**What the task requires**
Reproduce exactly the lines below from the one containing "Our Turkish prayer" through the one containing "Polzahl: 8, nicht", including both, and nothing else.

**Material supplied**
------------

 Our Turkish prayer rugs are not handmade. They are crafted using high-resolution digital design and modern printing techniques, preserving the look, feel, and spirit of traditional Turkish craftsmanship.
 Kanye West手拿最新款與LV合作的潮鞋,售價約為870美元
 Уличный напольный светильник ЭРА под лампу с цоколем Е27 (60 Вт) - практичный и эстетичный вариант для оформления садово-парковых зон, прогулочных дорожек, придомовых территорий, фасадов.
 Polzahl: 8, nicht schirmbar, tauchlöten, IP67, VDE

------------

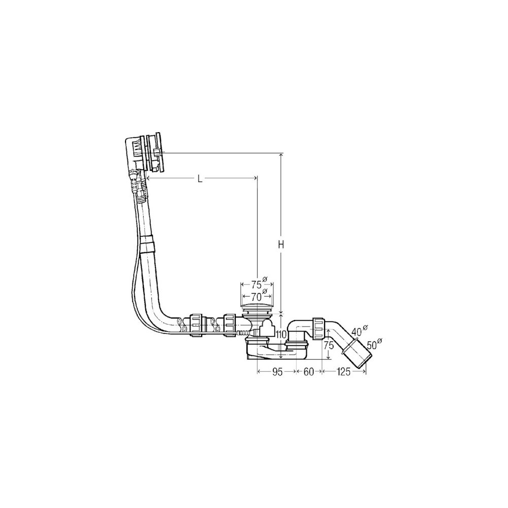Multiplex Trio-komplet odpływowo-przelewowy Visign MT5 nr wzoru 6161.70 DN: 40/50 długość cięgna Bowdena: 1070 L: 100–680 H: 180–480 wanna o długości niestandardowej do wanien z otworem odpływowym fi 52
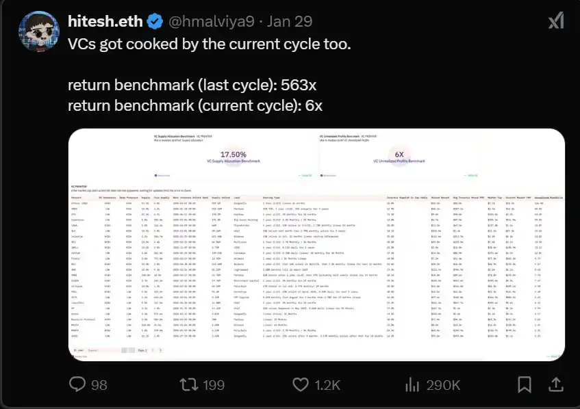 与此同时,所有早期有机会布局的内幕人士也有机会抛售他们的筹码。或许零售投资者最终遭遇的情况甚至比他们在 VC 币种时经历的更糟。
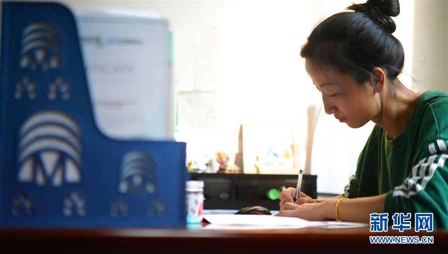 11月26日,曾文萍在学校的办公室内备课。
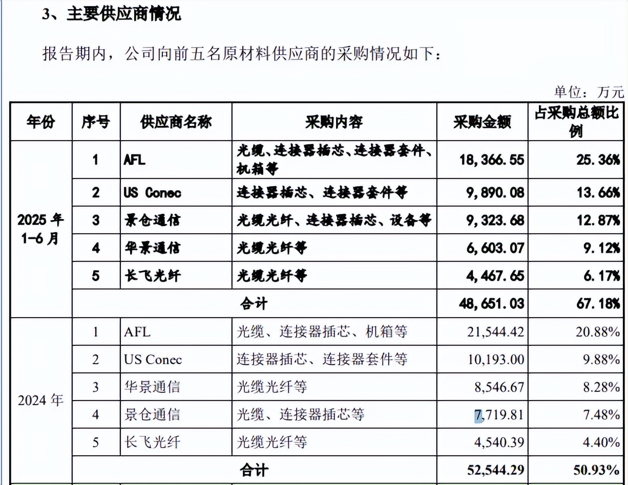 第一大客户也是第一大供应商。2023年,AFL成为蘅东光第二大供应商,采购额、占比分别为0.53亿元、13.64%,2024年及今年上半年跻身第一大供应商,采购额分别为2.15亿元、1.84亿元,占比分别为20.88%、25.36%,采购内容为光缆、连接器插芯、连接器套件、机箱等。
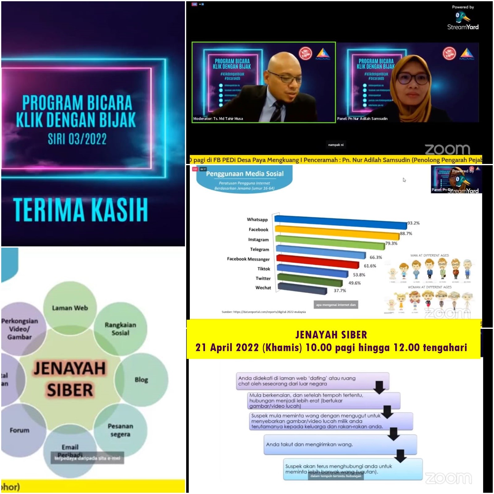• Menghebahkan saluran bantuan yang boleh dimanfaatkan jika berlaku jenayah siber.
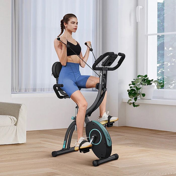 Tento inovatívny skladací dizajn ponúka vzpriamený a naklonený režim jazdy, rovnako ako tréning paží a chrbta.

------------

**Answer to the exercise**
 Our Turkish prayer rugs are not handmade. They are crafted using high-resolution digital design and modern printing techniques, preserving the look, feel, and spirit of traditional Turkish craftsmanship.
 Kanye West手拿最新款與LV合作的潮鞋,售價約為870美元
 Уличный напольный светильник ЭРА под лампу с цоколем Е27 (60 Вт) - практичный и эстетичный вариант для оформления садово-парковых зон, прогулочных дорожек, придомовых территорий, фасадов.
 Polzahl: 8, nicht schirmbar, tauchlöten, IP67, VDE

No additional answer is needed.